Both of the attached DMP files are of the MEMORY_MANAGEMENT (1a) bug check.

This indicates that a severe memory management error occurred.

BugCheck 1A, {41793, fffff680095c19d0, 2, 1}

- The 1st parameter of the bug check is 41793 which indicates an unknown memory management error occurred.

3: kd> dt nt!_MMPFN fffff680095c19d0
   +0x000 u1               : <unnamed-tag>
   +0x008 u2               : <unnamed-tag>
   +0x010 PteAddress       : (null)
   +0x010 VolatilePteAddress : (null)
   +0x010 Lock             : 0n0
   +0x010 PteLong          : 0
   +0x018 u3               : <unnamed-tag>
   +0x01c NodeBlinkLow     : 0
   +0x01e Unused           : 0y0000
   +0x01e VaType           : 0y0000
   +0x01f ViewCount        : 0 ''
   +0x01f NodeFlinkLow     : 0 ''
   +0x020 OriginalPte      : _MMPTE
   +0x028 u4               : <unnamed-tag>

It appears the data structure for the PFN database is zeroed out, which usually indicates corruption.

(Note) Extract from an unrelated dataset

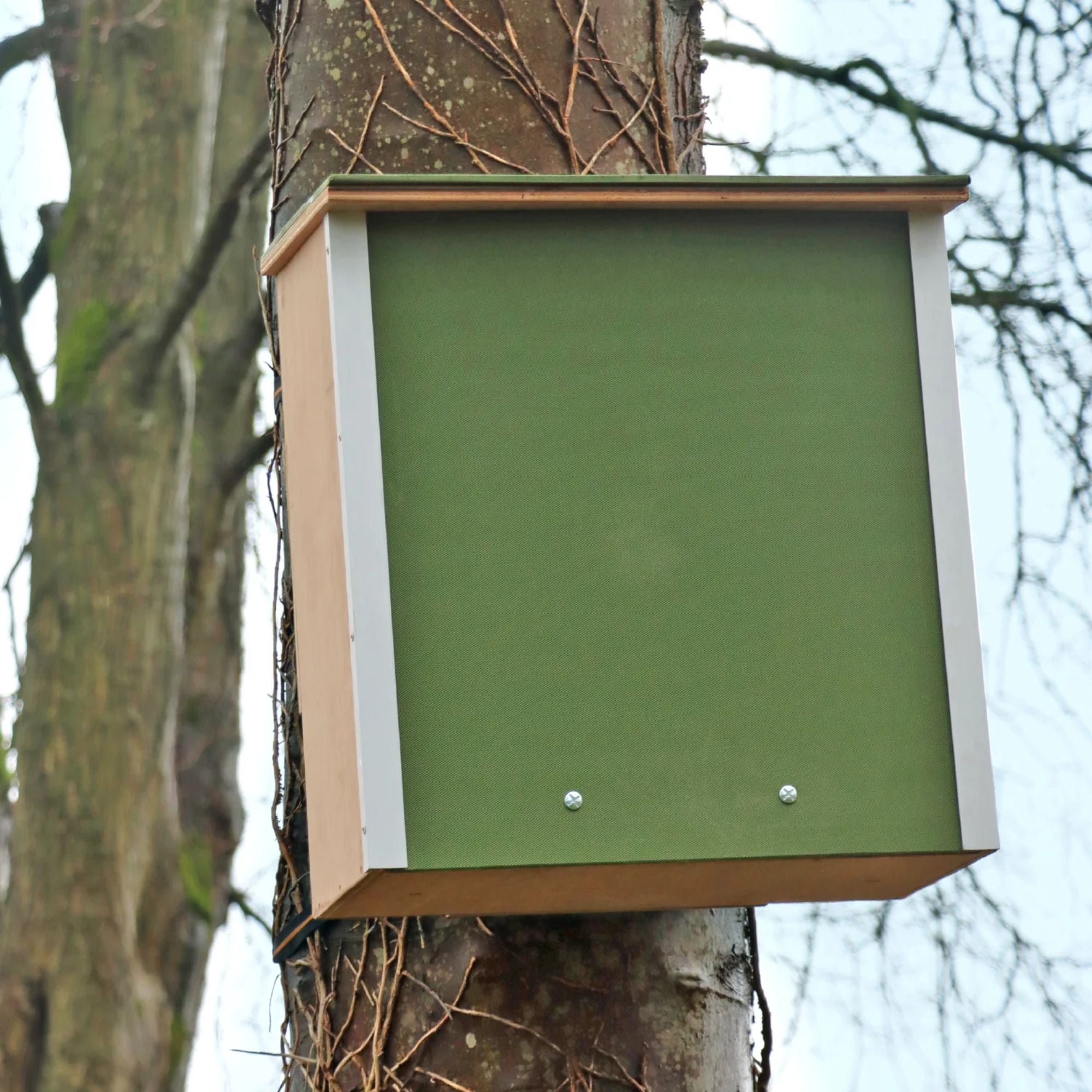 The box is secured using wire or rope threaded through pre-drilled holes in the vertical spacer batons and fastened around the supporting tree or pole. These vertical batons also help minimise sway in high winds, maintaining stability.

I've checked your loaded modules list and it's pretty clean, I see no mention of any 3rd party software that usually raises red flags for memory corruption. Just to be sure though before I recommend hardware diagnostics regarding memory, let's enable Driver Verifier:

Driver Verifier:

What is Driver Verifier?

Driver Verifier is included in Windows 8, 7, Windows Server 2008 R2, Windows Vista, Windows Server 2008, Windows 2000, Windows XP, and Windows Server 2003 to promote stability and reliability; you can use this tool to troubleshoot driver issues. Windows kernel-mode components can cause system corruption or system failures as a result of an improperly written driver, such as an earlier version of a Windows Driver Model (WDM) driver.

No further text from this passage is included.